I have no experience with files large enough to require 64 bit
addressing (in 1!:11), but have done a lot of processing of files up
to 2 gigabytes. In the past, I ran some tests that indicated reading
in more than a few thousand "lines" from a text file stream did not
improve overall efficiency. In some cases, making my working buffer
bigger than a few hundred thousand bytes actually took more time to
process (likely because of moving large chunks of data around).
I have found working through line oriented files is reasonably
efficient if one is careful. I developed my own simplistic function
getlines =: 3 : 0
100000 getlines y NB. Default BS is 100,000 bytes
:
bs =. x
fs =. 1!:4< fn =. > 0{y
fl =. bs <. fs -fp =. > 1{y
buf =. 1!:11 fn;fp,fl
if. (fs = fp =. fp + fl) do. fp =. _1 end.
drop =. (<:#buf)-buf i: NL
if. ((drop ~: 0) *. fp = _1 ) do. echo '** Unexpected EOF **' end.
fp =. _1 >. fp - drop
fn;fp;buf }.~ -drop
)
I initialize a working buffer -
fbuf =: 'filename';0
and then call getlines in a loop of the form -
whilst. (0<>1{fbuf) do.
process >2{ fbuf =: getlines fbuf
end.
Mapping files is great, but the greatest benefits to j are when the
data is "rectangular" (which is often the case in databases).
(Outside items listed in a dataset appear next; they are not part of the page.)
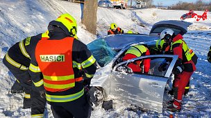 Při nehodě osobního vozu na Bruntálsku museli hasiči vyprostit řidiče
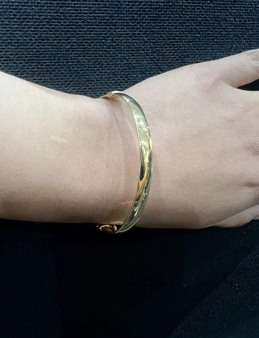 Women’s 9ct Yellow Gold Plain Bracelet - Ladies Gold 6mm Plain Hinged Bangle
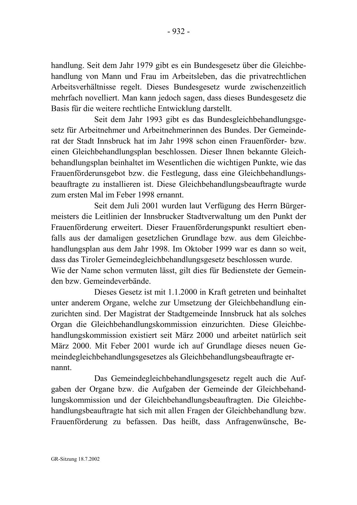 Seit dem Jahr 1993 gibt es das Bundesgleichbehandlungsgesetz für Arbeitnehmer und Arbeitnehmerinnen des Bundes. Der Gemeinderat der Stadt Innsbruck hat im Jahr 1998 schon einen Frauenförder- bzw.
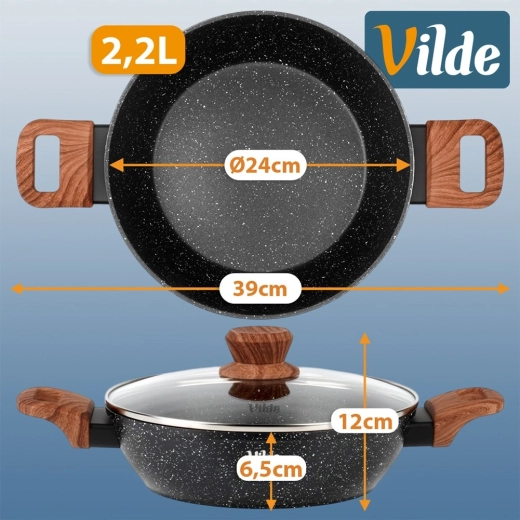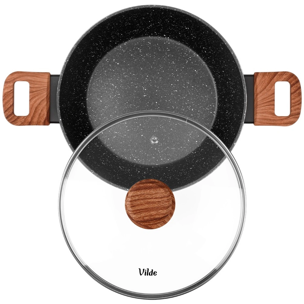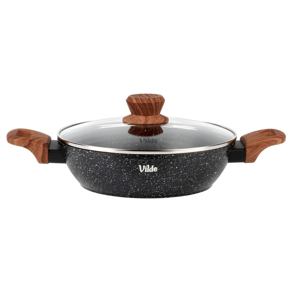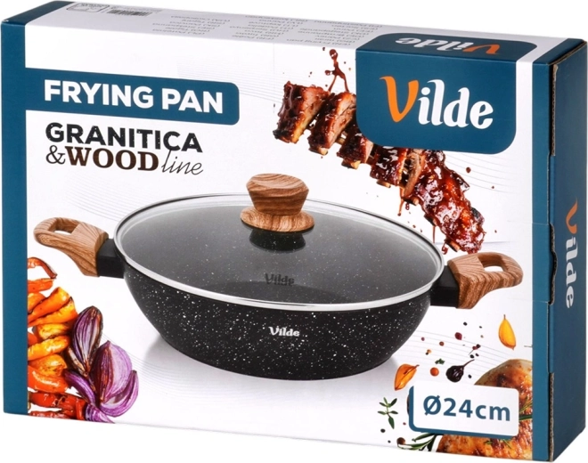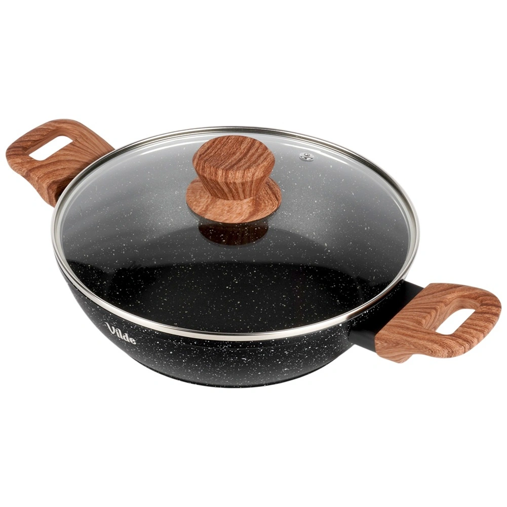Tigaie adâncă practică, cu volum de 2,2 l, cu capac de sticlă pentru gătitul zilnic. Datorită stratului antiaderent din granit, distribuției uniforme a căldurii și mânerelelor soft touch cu decor de lemn, pregătiți cu ușurință mâncăruri prăjite, înăbușite și gratinate cu minimum de grăsime. Capacul din sticlă termorezistentă cu supapă de abur permite controlul comod al gătitului. Potrivită pentru inducție, gaz, electric și ceramic și se poate spăla în mașina de spălat vase.
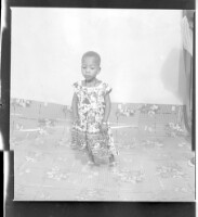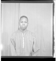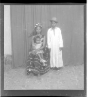 A boy wearing a boubou and hat standing face-forward next to a woman wearing a dress and head wrap sitting face-forward holding a baby in her lap in the studio.
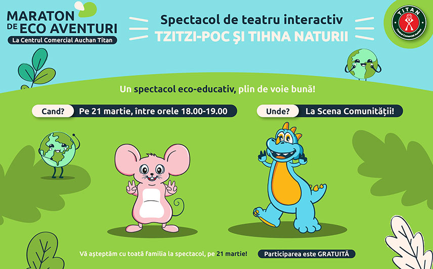 Dacă vrei să oferi copilului tău o experiență de neuitat, plină de joacă și învățare, te invităm la Scena Comunității din Centrul Comercial Auchan Titan, pe 21 martie, între 18:00 și 19:00, pentru un spectacol deosebit: Tzitzi, Poc și Tihna Naturii!
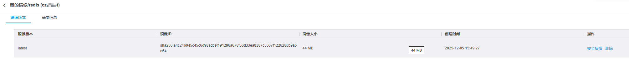 在KCR个人版实例>我的镜像,进入目标仓库,可看到redis镜像成功由Harbor仓库同步至KCR仓库,同步任务成功。
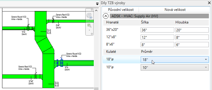 Při přesunutí ukazatele myši na velikost dílu na paletě Díly TZB výroby se odpovídající potrubí, izolace nebo systém potrubí zvýrazní na kreslicí ploše.
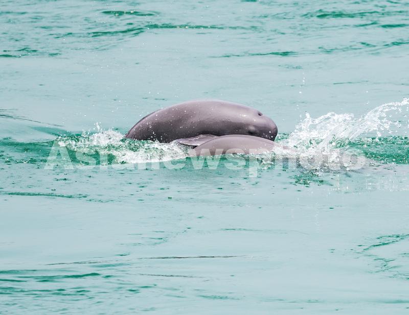 2023年5月20日,江豚在湖北省宜昌市葛洲坝下游水域逐浪嬉戏。
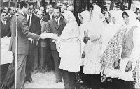 - - شاهنشاه محمدرضا شاه پهلوی در کاخ مرمر سند مالکیت املاک سلطنتی را به کشاورزان می دهند - ۴ آبان ۱۳۲۹

I think
there may be some glitches in 64 bit file mapping, but they should
disappear as 64 bit support matures.
Things like gawk, likely written in C, see line at a time files as
bread and butter. I've found that if a file can be mapped to a
matrix, j can beat many well polished Unix routines. In one example I
presented at the last j user conference (so long ago!), I showed j
doing some rather complicated aggregations and calculations on
largish phone call record files (about 225 megabytes in those cases
mapped to a large table) faster than Unix wc -l could count the
lines. That got a nice cheer from the audience. :)
- joey
At 11:17 +0100 2009/08/27, Matthew Brand wrote:
>I am using 64 bit linux so do not run into any file size issues. It
>appears that the whole file is read into memory (i.e. swap disk)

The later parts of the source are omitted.